Philippine Supreme Court Jurisprudence


Philippine Supreme Court Jurisprudence > Year 1997 > March 1997 Decisions > G.R. No. 117161 March 3, 1997 - RAMON INGLES v. COURT OF APPEALS, ET AL.:




PHILIPPINE SUPREME COURT DECISIONS

SECOND DIVISION

[G.R. No. 117161. March 3, 1997.]

RAMON INGLES @ "Monching,", Petitioner, v. THE HONORABLE COURT OF APPEALS and THE PEOPLE OF THE PHILIPPINES, Respondents.

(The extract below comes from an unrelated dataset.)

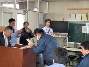 新年あけましておめでとうございます。1月5日仕事始めの日に例年通り全体集会を行いました。冒頭佐藤社長より新年の挨拶がありまして、昨年一年間の社員に対する労い、今年の展望等についていただきました。また永年勤続賞の表彰も行い8名の方が表彰されました。おめでとうございます。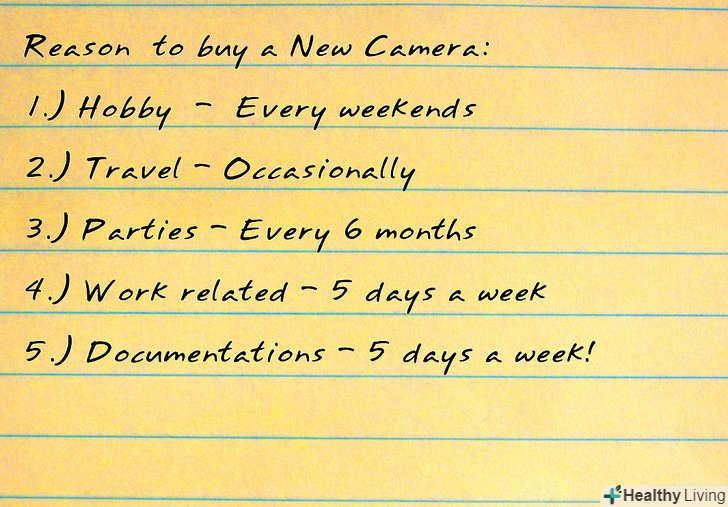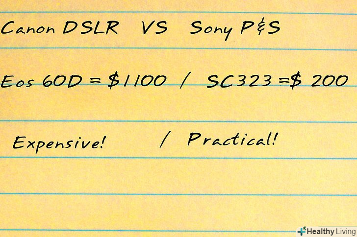 Запишіть, скільки разів ви очікуєте користуватися камерою. чим частіше ви збираєтеся її використовувати, тим більше шансів оновити вашу камеру. Купити хорошу або купити два рази.

Public Attorney’s Office for Petitioner.

The Solicitor General for Respondents.


SYLLABUS


1. REMEDIAL LAW; EVIDENCE; SELF-DEFENSE; ELEMENTS; UNLAWFUL AGGRESSION AND REASONABLENESS OF MEANS EMPLOYED; WANTING IN CASE AT BAR. — Petitioner does not deny that he stabbed Barreno. He claims however, that he acted in self-defense. Having admitted his role in the stabbing, it became incumbent upon him to prove the presence of all the elements necessary to justify his act. As correctly found by the trial and appellate courts, the unlawful aggression, if any, ceased the moment petitioner disarmed Barreno and grabbed the knife himself. When he stabbed his supposed attacker, not just once but twice, he became the aggressor. The reasonableness of the means by which he sought to deflect harm from himself also ceased. By no stretch of the imagination can he now be said to be acting merely in self-defense.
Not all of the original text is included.